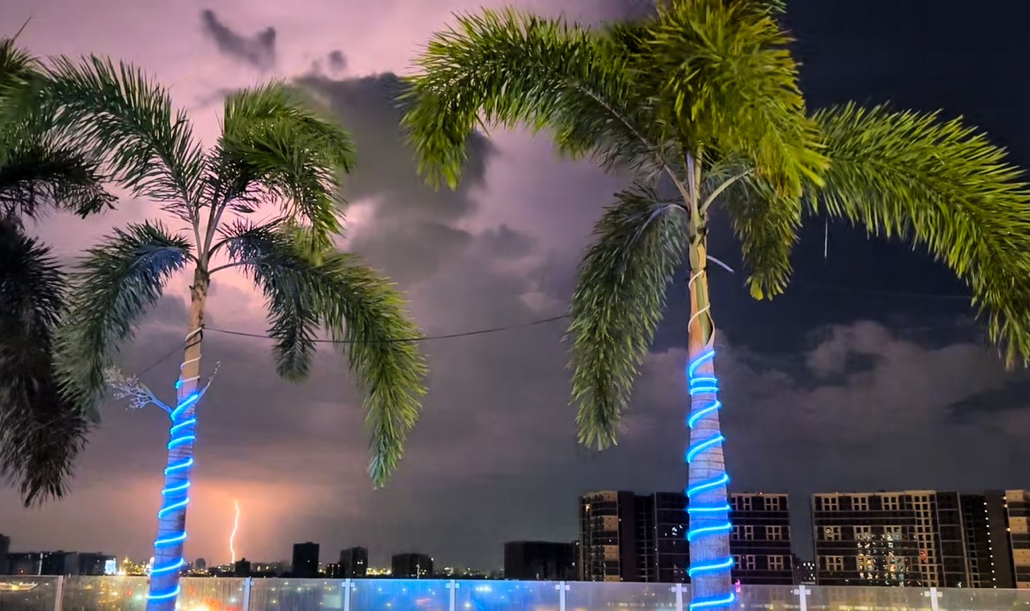 Taking in the views of a Manila lightning show from the rooftop pool and bar at Kingsford Hotel
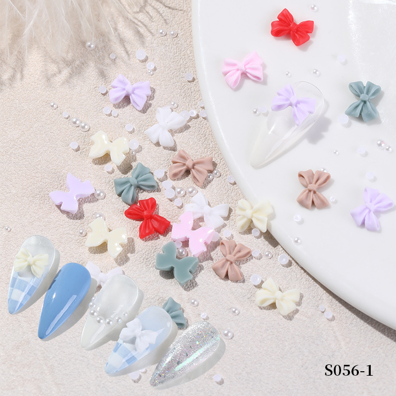 日系网红同款珍珠蝴蝶结美甲配饰INS仙女裸粉树脂立体DIY指甲饰品
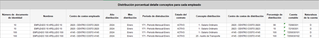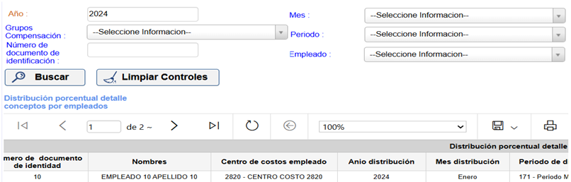 • Corrección de la consulta del informe Distribución porcentual detalle conceptos por empleados ubicado en el nodo de Gestión contable para que permita visualizar información.
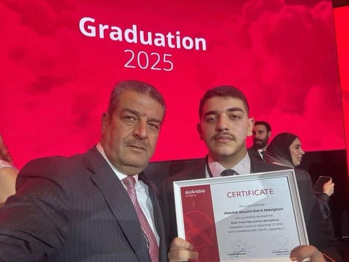 رم - "مبارك لابن الصديق مؤيد القريوتي الكابتن الطيار عبدالله مؤيد القريوتي على تخرجه من كلية الطيران في دولة الإمارات العربية هذه لحظة فخر واعتزاز وتميز في حياتك، يا عبدالله . لقد عملت بجد وثبات لتحقيق هذا الحلم، والآن أنت جاهز لتحقيق أهدافك في سماء الطيران.
==================================================
THE PROBLEM:
Starting with the first line of the material, print each line exactly until you have printed the line with "日系网红同款珍珠蝴蝶结美甲配饰INS仙女裸粉树脂立体DIY指甲饰品", and skip the pictures.

RESPONSE FOR THIS EXERCISE:
 Taking in the views of a Manila lightning show from the rooftop pool and bar at Kingsford Hotel
 日系网红同款珍珠蝴蝶结美甲配饰INS仙女裸粉树脂立体DIY指甲饰品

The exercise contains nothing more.